Granted, since 9/11 the world as most Americans knew it turned completely upside down, and it has remained an unsteady time for all of us. Some Americans have become so desensitized to fear they don’t realize their lives are tightly wound in a chronic state of panic.
Another example of how we turn a blind eye to reason is the gun violence that has literally riddled our society, not just with bullets, but with terror.
Consider this: In the United States, every time a plane goes down or a train derails and crashes and American lives are lost, our transportation and safety authority’s act very quickly. They launch full investigations and do everything in their power to prevent the accident from happening again. They leave no stone unturned, and the search for answers often goes on for months, or even years.  
But when yet another mass shooting occurs — at a school, a theater, a concert, a synagogue — rather than taking action, we freeze and remain paralyzed in shock. Instead of applying concrete solutions, we send our thoughts and prayers. Of course condolences are kind, but they are also too easy to accomplish than applying intelligence and data to systematically minimize the chances of similar tragedies occurring in the future.
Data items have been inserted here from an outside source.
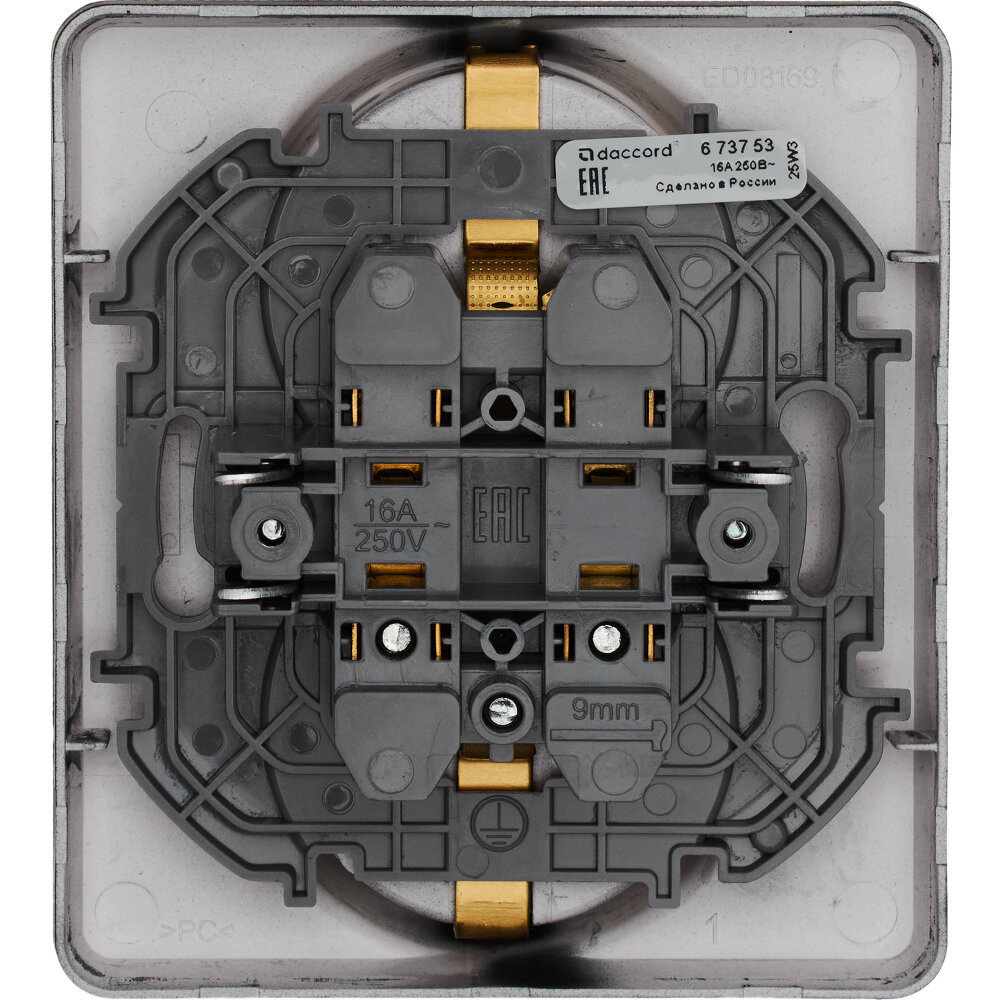 - Преимущества: "Компактный корпус ""моноблок"" с интегрированной рамкой предназначен для 1 установочного места|Без возможности многопостового монтажа|Контактная группа изготовлена из высококачественной латуни CuZn37, имеет высокую степень упругости и сохраняет плотный контакт с вилкой при длительной эксплуатации|Зажимы для присоединения проводников винтовые П-образной формы для исключения бокового выдавливания провода|В зажимах установлены качественные винты с никель-цинковым напылением для надежного резьбового соединения даже при чрезмерных моментах затяжки|Защитный контакт с широким основанием и специальным профилем для упругости при подключении/отключении и плотного контакта с вилкой|Лицевая панель крепится на винтахИзготовлена из прочного поликарбоната, стойкого к механическим воздействиям, выгоранию и загрязнениям"
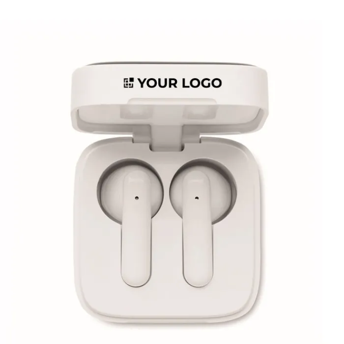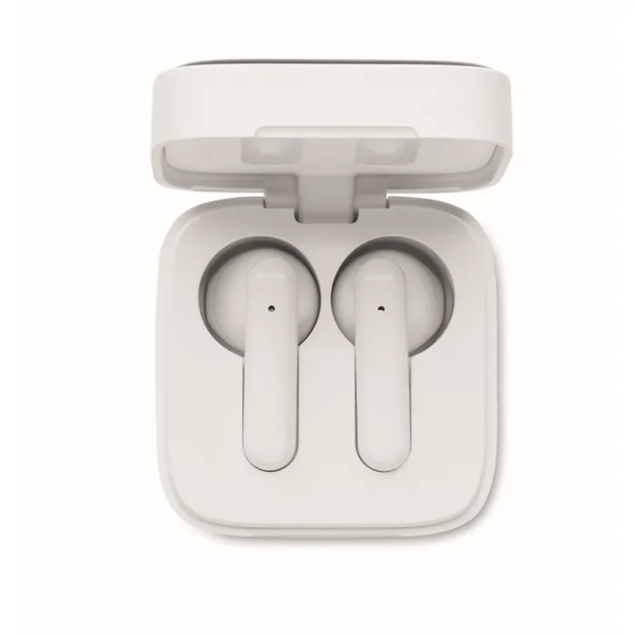Auricolari wireless TWS 5.3 con microfono e batteria da 30 mAh. Autonomia di circa 4h. Ha una batteria a ricarica solare. Associazione automatica. Cavetto di ricarica di tipo C e base di ricarica da 200 mAh.
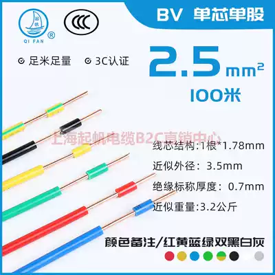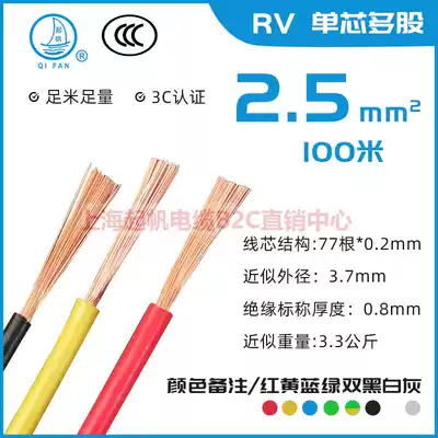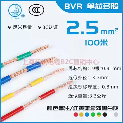 Qifan wire and cable BV BVR RV single-core power cord 2 5 square hard wire multi-strand soft wire National standard 100 meters
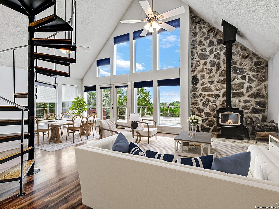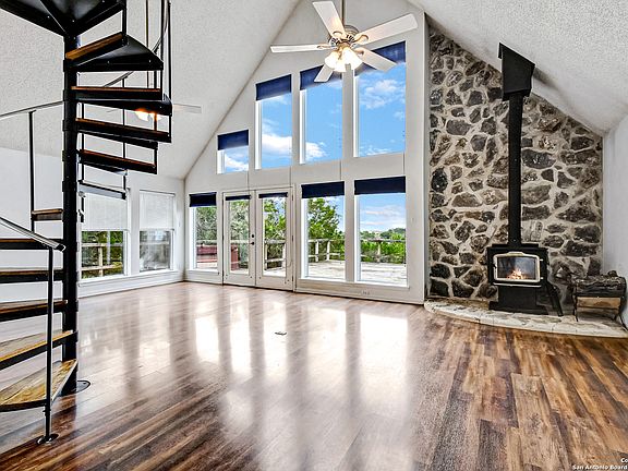 Welcome to this charming property, with panoramic views in a desirable gated Hill Country community. Nestled on an expansive 6-acre lot in the serene Treasure Hills neighborhood just south of Kerrville, TX. First time on the market, this unique property offers long-range panoramic views that capture the heart of Texas Hill Country. Recent upgrades include a recently refurbished, large deck, leveled foundation with a 5-year warranty (2024), a refurbished metal roof (2024), Newer HVAC (2022), and a brand-new well pump and motor (2024). The home needs some cosmetic updates, but the overall elements of the home are good! The home features 1,780 square feet of living space, thoughtfully designed with 3 bedrooms, featuring an extra large main level primary bedroom, an extra large secondary bedroom plus loft, and 3rd bedroom (on main level) being best suited for home office, guest or work out room. Enjoy the natural light that streams through floor-to-ceiling windows in the living area that also boasts vaulted ceilings, enhancing the open feel of the home. Harmon steel wood burning stove heats the ENTIRE home in the coldest months. Step outside onto the large NEW deck and enjoy the peaceful outdoors, and long-range views. The home also includes a fully fenced area for pets! The property has a detached carport/garage with ample enclosed storage/workshop areas. Residents of Treasure Hills enjoy exclusive access to a private, stocked fishing pond, a private shooting range, and the security of gated entry. This home is ready for a buyer to make it their own private oasis! Motivated sellers! Ask about owner finance option with reduced interest rate.
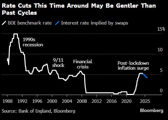 这轮周期的不同之处在于,它会发生于经济复苏,而非经济低迷时期。周五的官方数据显示,英国经济从温和衰退中反弹,季度增速创下新冠疫情结束以来最高水平。
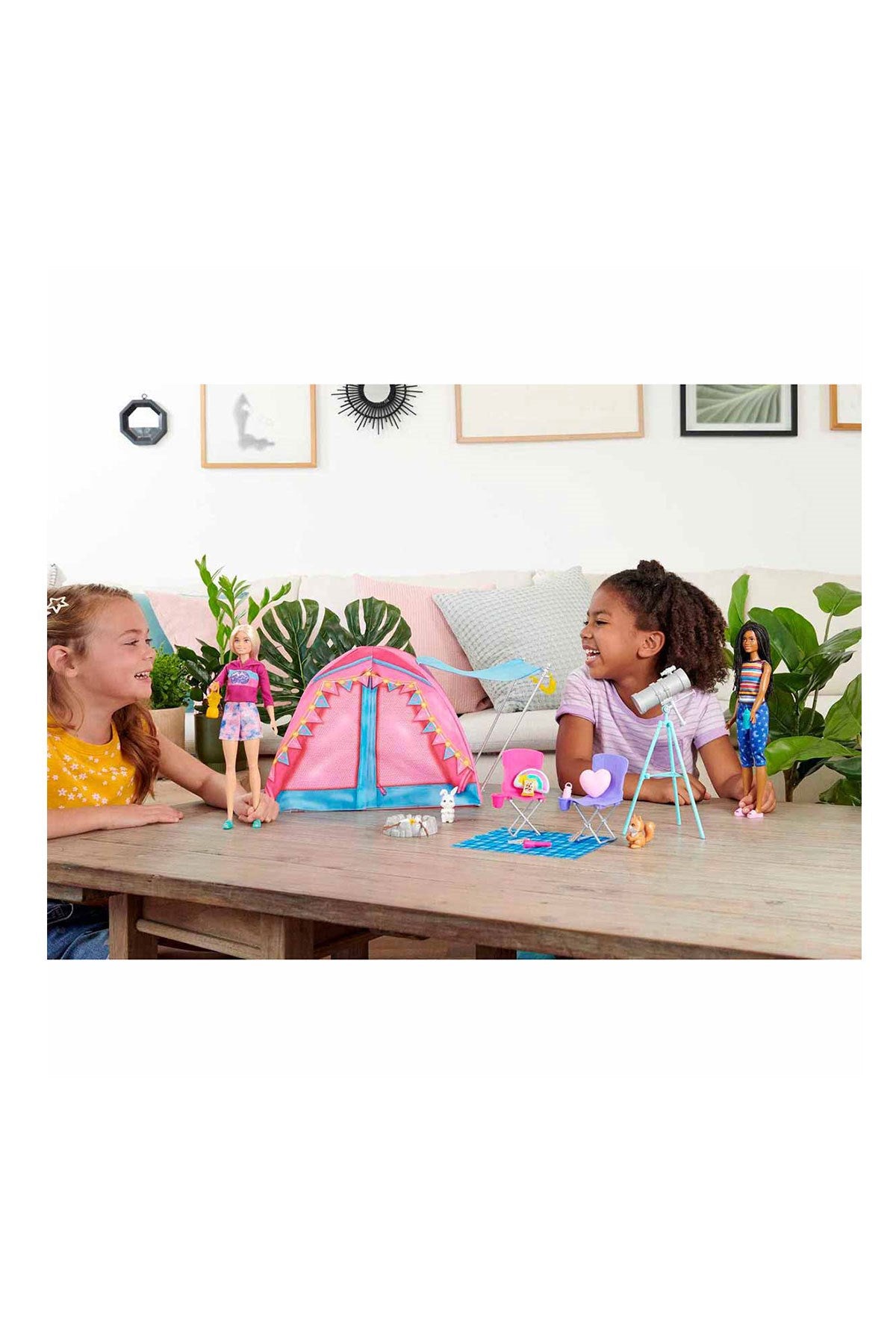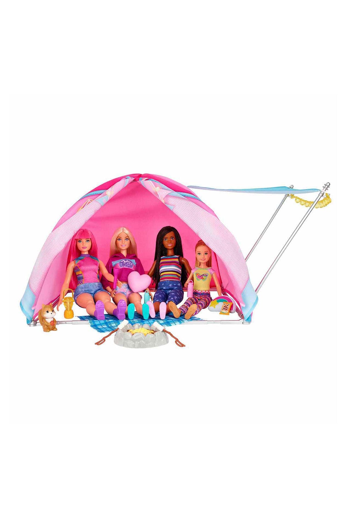Barbie It Takes Two Kampta Oyun Seti, açık hava maceralarını seven çocuklar için harika bir deneyim sunuyor! Büyük kamp çadırı, teleskop, ateş çukuru ve etkileşimli hayvan figürleriyle yıldızların altında kamp yapmaya hazır olun.

We also make the choice — another easy out — to place responsibility of these tragedies on the mentally ill, including the recent mass shootings in Thousand Oaks, California, and Pittsburg, Pennsylvania. We conveniently scapegoat the mentally ill, further stigmatizing an entire population who are already at a societal disadvantage. We put a Band-Aid over the problem for a few days until the wound disappears, and time and time again, we refuse to recognize the obvious: That this is no surface wound. It’s an open, oozing infection that remains and grows. But, at least it appears that we have taken some action to solve the problem.
It’s also ironic that we, as a nation that largely ignores, delegitimizes and under-funds mental illness, conveniently draw it into the national spotlight when it’s time to find someone or something to blame other than ourselves and our outdated laws.
Let’s look at how fear makes us respond in this case: Obviously, the fear of losing our 2nd Amendment rights is problematic and palpable to many. But the real reason we are so terrified to face facts is that if we let our guard down just a bit, other rights will be taken from us. This cognitive distortion is called catastrophic thinking — jumping to conclusions and assuming you know the outcome of something without relevant and solid facts to support it. It’s another standard, habitual human defense mechanism motivated by panic, and it’s the reason why the rational pleas for gun reform are consistently ignored.  
But despite the numbers, fear continues to win and nothing changes. Maybe America needs therapy! Think about it.